Pascal Grünwald als permanente Gefahrenquelle!

Zum Glück für die Violetten stand Pascal Grünwald "nur" gegen einen Neo-Regionalklub im Tor der Austria. Seine permanenten Schwächen bei hohen Bällen in den Strafraum sind inzwischen womöglich noch eklatanter geworden seit seiner langen Verletzungspause. Für mich kann es überhaupt keine Frage geben, ob der Tiroler oder Heinz Lindner die Nr. 1 im Gehäuse am Beginn der neuen Meisterschaftssaison sein soll! Lindner hatte nicht nur eine starke Frühjahrssaison gespielt, auch als Debütant im Nationalteam gegen die Ukraine war ihm kein Fehler unterlaufen!

Zudem ist er größer als sein Konkurrent und deshalb beim Abfangen hoher Bälle sicherer. Auf der Linie sind beide gleich stark, aber der "komplettere Keeper" ist für mich Heinz Lindner!

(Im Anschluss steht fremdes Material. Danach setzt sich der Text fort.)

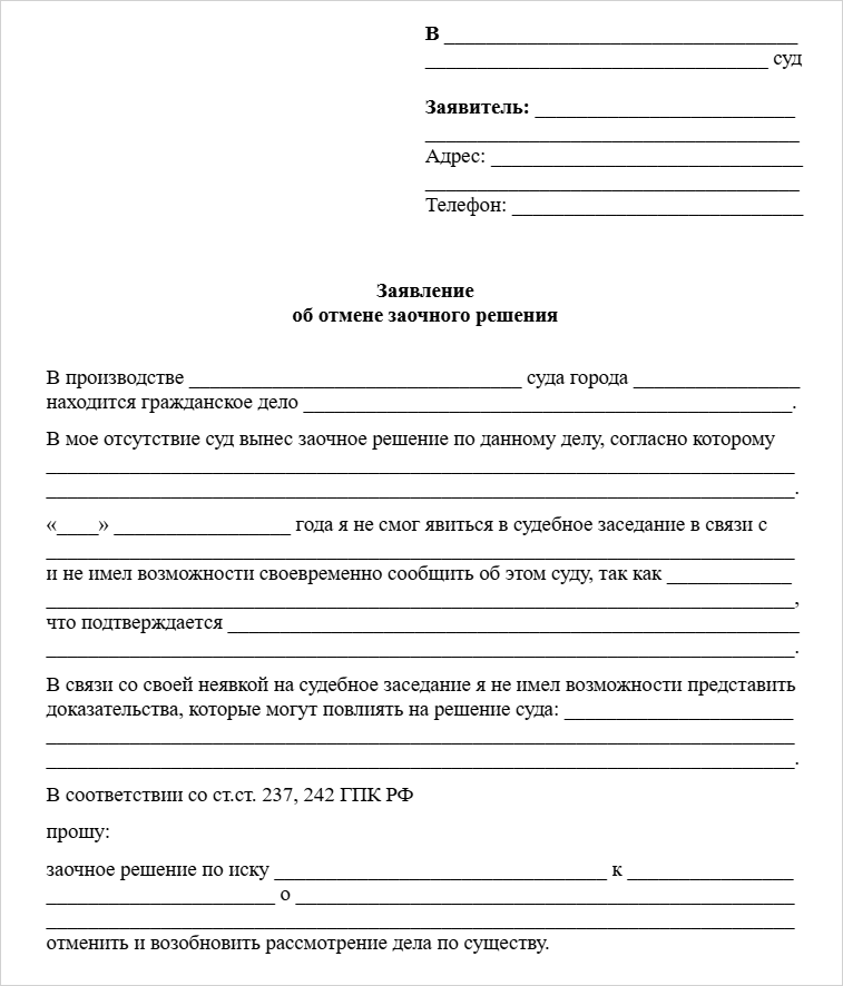 Может показаться, что заочное решение — наименее оптимистичный сценарий для ответчика, ведь отсутствием в суде он лишает себя права на защиту. Но у ответчика еще остаются шансы повлиять на дело: для этого придется обращаться в суд, где он может отменить заочное решение — главное, чтобы заявление подавалось вовремя.Суд обязан направить ответчику копию заочного решения в течение 3 дней с момента его принятия. У ответчика будет 7 дней после получения копии, чтобы подать заявление об отмене. Суд узнает о доставке решения ответчику через уведомление о вручении.
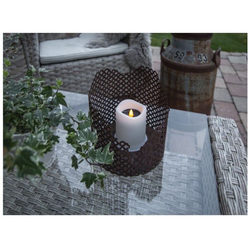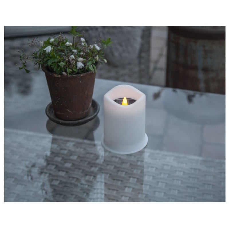 Solcellsljuset Saul är ett vitt plastljus som passar bra att lysa upp i en lykta eller flera ihop som dekoration på till exempel en uteplats eller en balkong, de går också utmärkt att placera på en minnesplats där de lyser upp när mörkret faller. Ljuset lyser med ett varmvitt sken. Placera den så att solen når panelen under dagen för att uppnå den bästa laddningen till det medföljande batteriet.
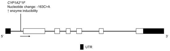CYP1A2 is a highly polymorphic enzyme responsible for the metabolism of many drugs including clozapine [54], mirtazapine [55], theophylline [56], tizanidine [57] and triamterene [58]. CYP1A2*1F is associated with increased enzyme activity in the presence of an inducer, such as high caffeine consumption or heavy cigarette use (Figure 4) [59,60,61].
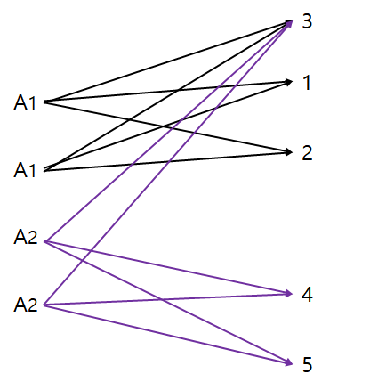 A1은 '2 3 1 2 3'에 해당하고, A2는 '2 3 3 4 5'에 해당한다. 그래프에 A1과 A2가 두 개씩 있는 것은, 둘 다 2개의 수업을 들어야 하기 때문이다. 이제 위에서 말한 '이분 매칭' 방식을 진행하면서 만약 좌측의 A1, A1, A2, A2 중 하나라도 매칭에 실패한다면 졸업이 불가하므로 '-1'을 출력하고 끝내면 된다.
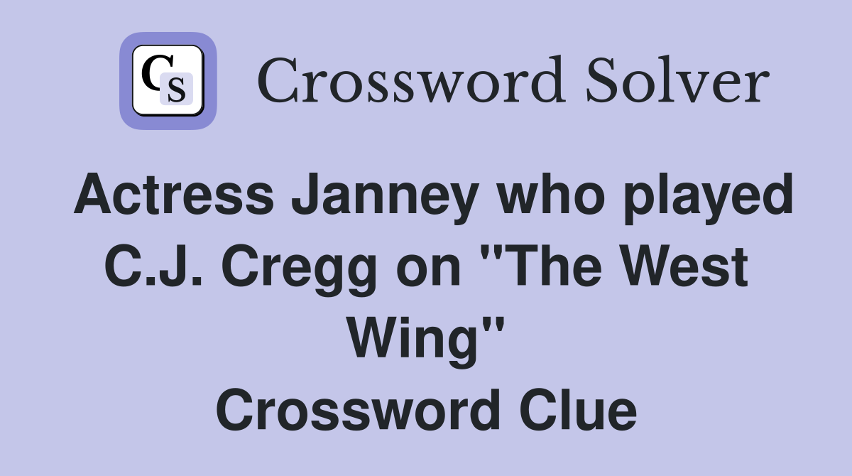 Actress Janney who played C.J. Cregg on "The West Wing" Crossword
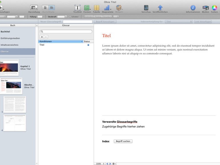 Nicht nur interaktiv sondern strukturiert wird das iBook dank dem mit wenigen Klicks zu erstellendem Glossar
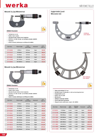 217-5561 100-125mm 0.01mm ±5µm 63,00 217-5738 150-300mm 6 adet 6 adet ±9µm 320,00

Grünwalds Probleme bei hohen Bällen basieren offensichtlich tatsächlich auf seinen für einen Klasse-Tormann fehlenden Zenitmeter! Sie sind dafür verantwortlich, daß er oft orientierungslos durch den Strafraum irrt, hohe Bälle nur kurz wegboxt, statt sie ordentlich aus dem Gefahrenbereich zu bringen, den Ball sogar Gegnern vor die Füße lenkt oder einfach auf der Linie picken bleibt und hofft, daß ein Verteidiger im Sprung das Schlimmste verhindern kann.

Also: Wenn die Austria wirklich die internationale Bühne als höchstes sportliches Ziel formuliert, dann muß ein absolut verläßlicher Mann zwischen den Pfosten stehen: Für mich kann das nur Heinz Lindner sein. Denn Pascal Grünwald hat heute, wenn auch unfreiwillig, für "klare Verhältnisse" gesorgt...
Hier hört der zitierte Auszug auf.